The case against grades

This is not my title I have stolen it from Alfie Kohn a long time promoter of the negative impacts that grades have on student learning. It is the title of the article that I am suggesting you should read if you have any interest in this topic.

The purpose of putting this article out there is not to suggest we should no longer use grades but to broaden our knowledge and understanding of what research says about such a deeply embedded policy in our educational system.
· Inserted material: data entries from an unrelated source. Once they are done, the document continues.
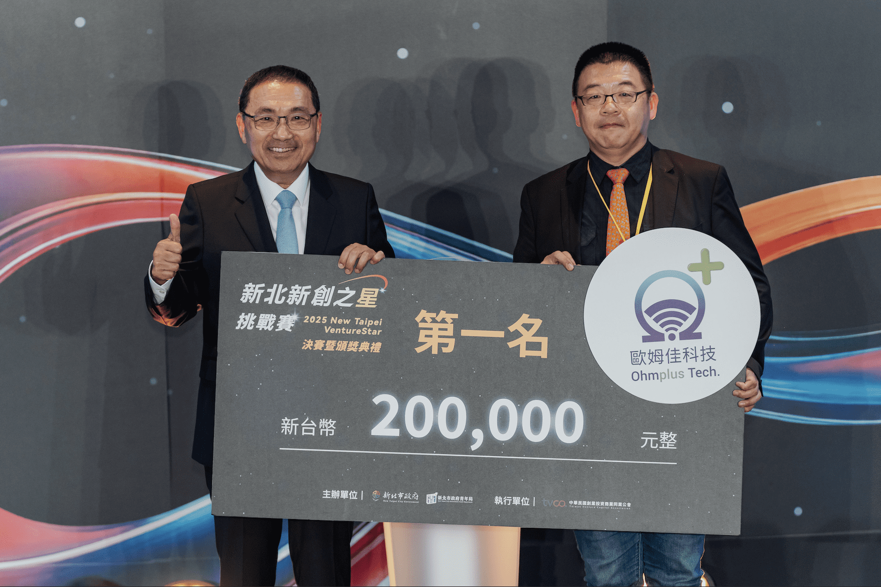 由新北市青年局主辦、首創結合創投陪跑機制的「2025 VentureStar 新北新創之星挑戰賽」,今(23)日冠軍出爐!由致力於提供半導體和通訊產業高效測試服務的「歐姆佳科技股份有限公司」拿下首獎,第二名為專注打造一站式整合金流雲端平台的「應援科技股份有限公司」,第三名則由致力於智慧農業與永續資材研發的「恰口科研企業股份有限公司」獲得。獲獎團隊除獲得總獎金30萬元,更將參與為期3個月的專屬「創投陪跑計畫」,正式接軌國內外投資市場。
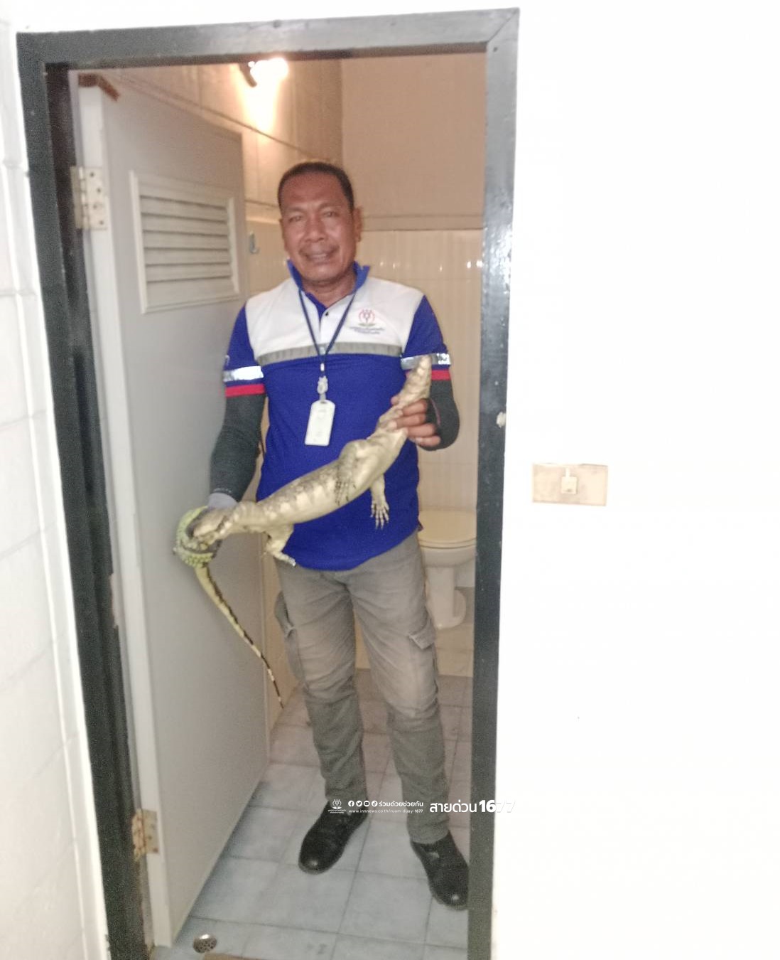 อาสาร่วมด้วยช่วยกันเดินทางเข้าไปตรวจสอบ พบตัวเงินตัวทองจำนวน 1 ตัว อยู่ในห้องน้ำ จึงช่วยจับออกมาได้สำเร็จ ก่อนนำไปปล่อยคืนสู่ธรรมชาติต่อไป
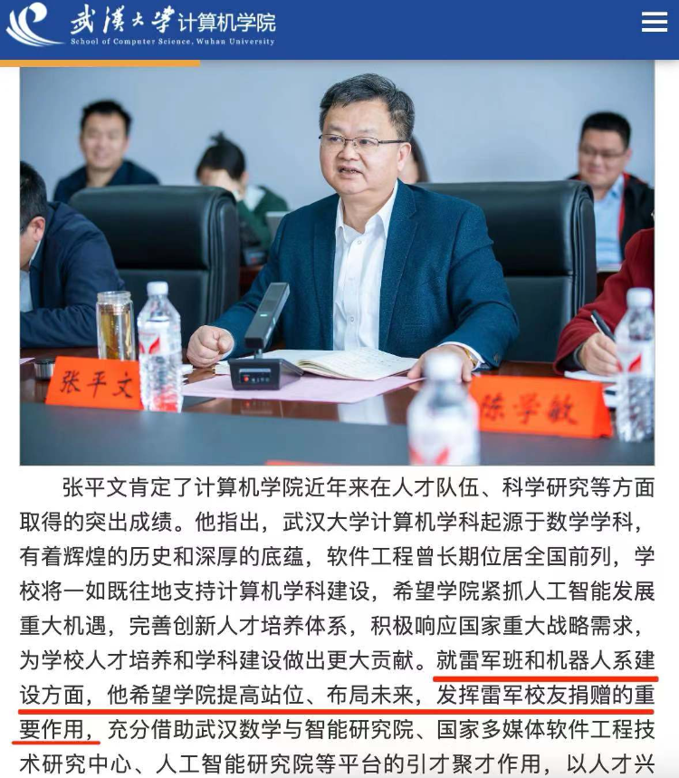 3月25日,武汉大学官网对校长张平文调研计算机学院进行了报道,文章提到:“就雷军班和机器人系建设方面,张平文希望学院提高站位、布局未来,发挥雷军校友捐赠的重要作用,凝心聚力早日把计算机学院建成国内知名、世界一流的学术高地。”
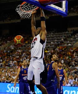 ????第二節(jié),加索爾率先得分,杜蘭特兩罰一中,隨后安東尼斜刺里殺出,胡了一把“大三元”(三分命中),詹姆斯三分球再中,美國隊以28-26反超。加索爾強攻內(nèi)線制造罰球,兩罰全中,安東尼接應詹姆斯無眼傳球,然后溜底放籃輕取2分,紐約核心一發(fā)不可收拾,三分球還有,罰球兩罰全中,隨后他又助攻詹姆斯命中三分,一個12-2的得分高潮之后,美國隊42-32領先達到兩位數(shù)。美國隊加強了防守,西班牙進攻陷入混亂,科比上演精彩爆扣,半場美國隊以48-40領先。安東尼得到全隊最高分23分。
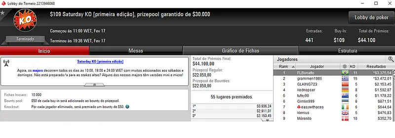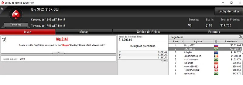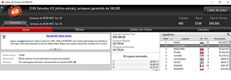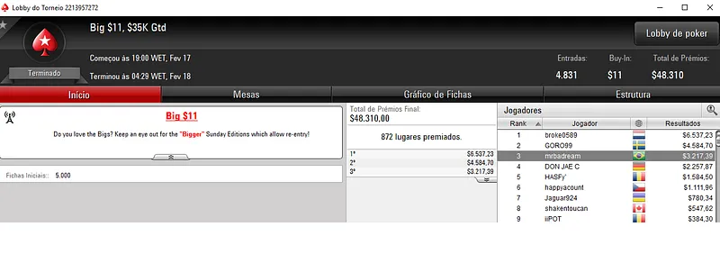 O grande vencedor foi aluizlima que depois de deixar para trás 1,543 oponentes encaixou $9,583 de premiação no Bounty Builder $55.
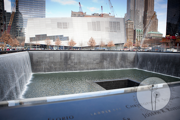 This is the South Memorial Pool with the yet unopened Museum in the background. The names of all those lost in 9/11 are etched in bronze around 2 separate pools.
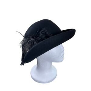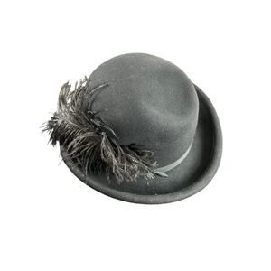 Vintage- Wool- Feather - Bowler Hat- Doeskin Michelle- made in USA chic

By doing this we have a broader base of knowledge to then approach the issue in our own classrooms and at a whole site level.

Among other things the article covers the following:

  • Grades tend to diminish students’ interest in whatever they’re learning.
  • Grades create a preference for the easiest possible task.
  • Grades tend to reduce the quality of students’ thinking.

The following information (a quote from the article) was reinforced to us by Dylan Wiliam in week 2 this term.

“It’s not enough to add narrative reports.  “When comments and grades coexist, the comments are written to justify the grade” (Wilson, 2009, p. 60).  Teachers report that students, for their part, often just turn to the grade and ignore the comment, but “when there’s only a comment, they read it,” says high school English teacher Jim Drier.  Moreover, research suggests that the harmful impact of grades on creativity is no less (and possibly even more) potent when a narrative accompanies them.  Narratives are helpful only in the absence of grades (Butler, 1988; Pulfrey et al., 2011).”